De ces contributions a été tiré un important ouvrage collectif qui réunit 35 auteurs, 27 textes, quelques poèmes, le manifeste gaspésien et madelinot, la charte des patriotes et une superbe illustration de 1760, en page couverture, qui représente un rocher jadis percé de deux trous. En tant que directrice de la publication, Danielle Lafontaine livre plusieurs messages en introduction, notamment l’essentiel de chaque texte. Deux de ces messages plus personnels m’apparaissent centraux. D’abord, il s’agit de la nécessité de multiplier les échanges de savoirs entre les chercheurs, les politiciens, les administrateurs, les praticiens, les entrepreneurs et autres acteurs du développement régional. De par la qualité des contributions réunies, l’ouvrage édité par le Groupe de recherche interdisciplinaire sur le développement régional de l’Est du Québec illustre à merveille la richesse éventuelle d’un tel dialogue à poursuivre. L’autre message important réside dans la grande pertinence scientifique et sociale de la prospective territoriale comme perspective d’observation et d’analyse susceptible d’alimenter la vision globale des acteurs de la Gaspésie et d’ailleurs. Grâce à cette prospective dont on souhaite une utilisation plus grande au Québec, les grands choix collectifs effectués par le vaste secteur public n’en seraient à l’évidence que mieux éclairés encore.

On sait que la politique régionale québécoise adopte très souvent les tendances françaises, mais pas toujours, évidemment. Dans le cas d’une prospective devenue une dimension très importante de la planification territoriale en France depuis près d’une décennie, le Québec n’a pas suivi cette tendance. Il a plutôt opté pour une planification très orientée sur la stratégie (école de Harvard) afin de prendre la relève de la planification interactive (école californienne) qui a caractérisé la décennie 1980 par l’entremise des sommets, tables sectorielles, comités, commissions et forums. Ce peu d’intérêt envers la prospective territoriale au Québec rend l’ouvrage collectif de Danielle Lafontaine encore plus pertinent. Il en propose en réalité l’enjeu, d’une manière fort instructive pour la société québécoise. Étant donné les résultats concrets accomplis en France, nous devrions à l’évidence envisager l’utilisation de la planification territoriale prospective pendant la première décennie du nouveau siècle.

Quant à l’exercice gaspésien effectué lors du congrès annuel de l’ACFAS et valorisé par le GRIDEQ, on y retrouve des éléments de diagnostics, des rétrospectives, des tendances, des enjeux, des anticipations, des jugements, des prises de position, des outils, des questionnements et de nombreuses analyses interdisciplinaires ou issues de multiples points d’observation de notre belle Gaspésie. D’une manière générale, le rôle des pouvoirs publics et des grandes entreprises est remis en question clairement. On s’en doutait, bien sûr. On constate aussi plusieurs prises de position normatives. Si on peut regretter le manque de démonstrations rigoureuses à propos de certaines assertions présentées comme évidentes, le lecteur bénéficie par contre au fil des textes de nombreux faits bien analysés qui alimentent substantiellement sa réflexion. Et de nombreuses solutions sont avancées pour le devenir des Gaspésiens et des Gaspésiennes.

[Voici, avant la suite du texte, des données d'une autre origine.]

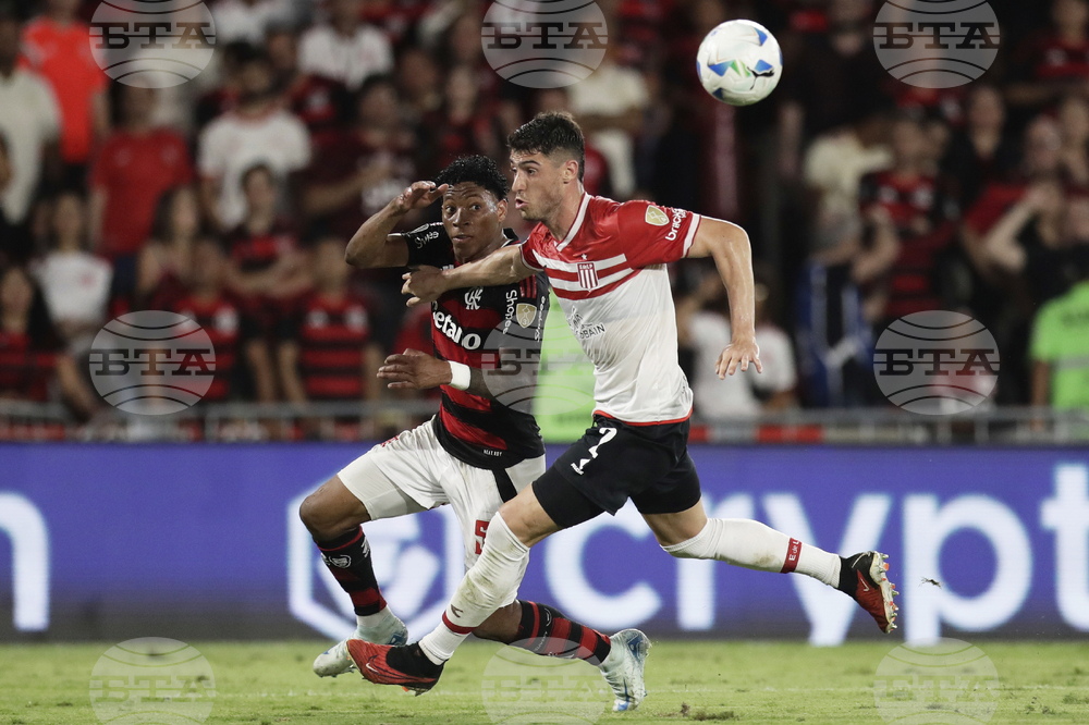 Facundo Farias of Argentina's Estudiantes de La Plata, left, controls the ball during a Copa Libertadores quarterfinal soccer match against Brazil's Flamengo at Maracana stadium, in Rio de Janeiro, Thursday, Sept. 18, 2025. (AP Photo/Bruna Prado)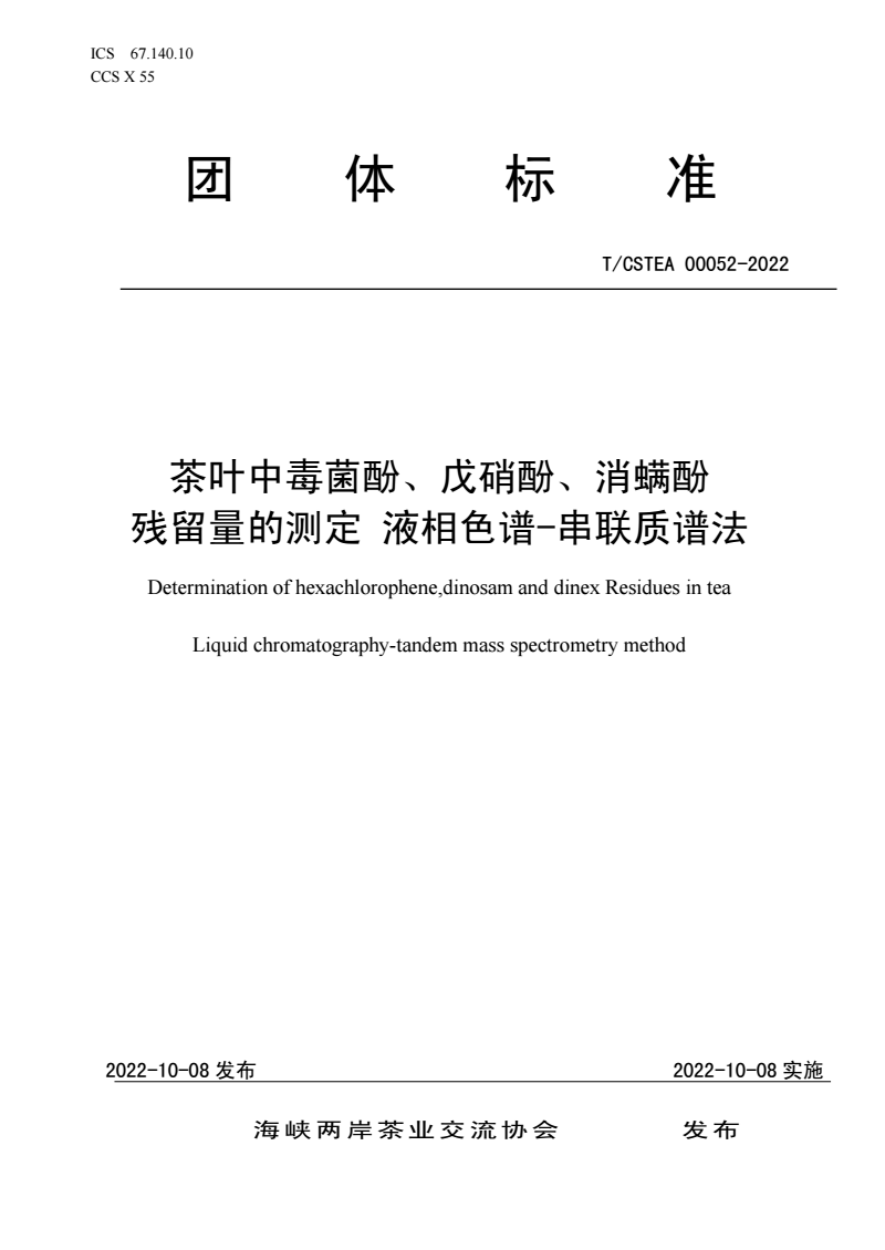 标准名称:茶叶中毒菌酚、戊硝酚、消螨酚 残留量的测定 液相色谱-串联质谱法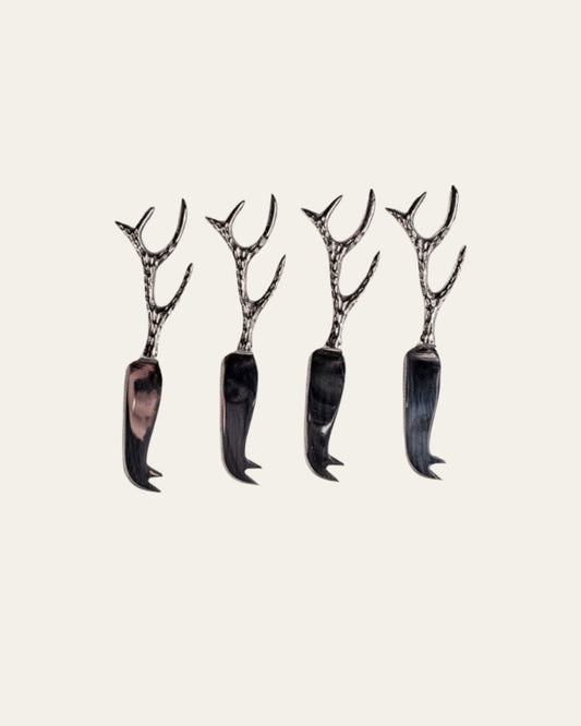 Set of 4 Stainless Steel Mini Cheese Knives with Antler Handles

De par la richesse et la pertinence de son contenu, cet ouvrage offert par Danielle Lafontaine, dont on peut tirer de nombreuses leçons, bien étayées et convaincantes, constitue un incontournable pour tous les acteurs de la Gaspésie et tous ceux qui s’intéressent au destin d’une telle région périphérique. Il devrait aussi être relu par les auteurs afin que, selon l’esprit du message de Danielle Lafontaine, ceux-ci enrichissent leur problématique respective. La diversité des points de vue bonifierait le croisement des savoirs et favoriserait l’enrichissement scientifique collectif.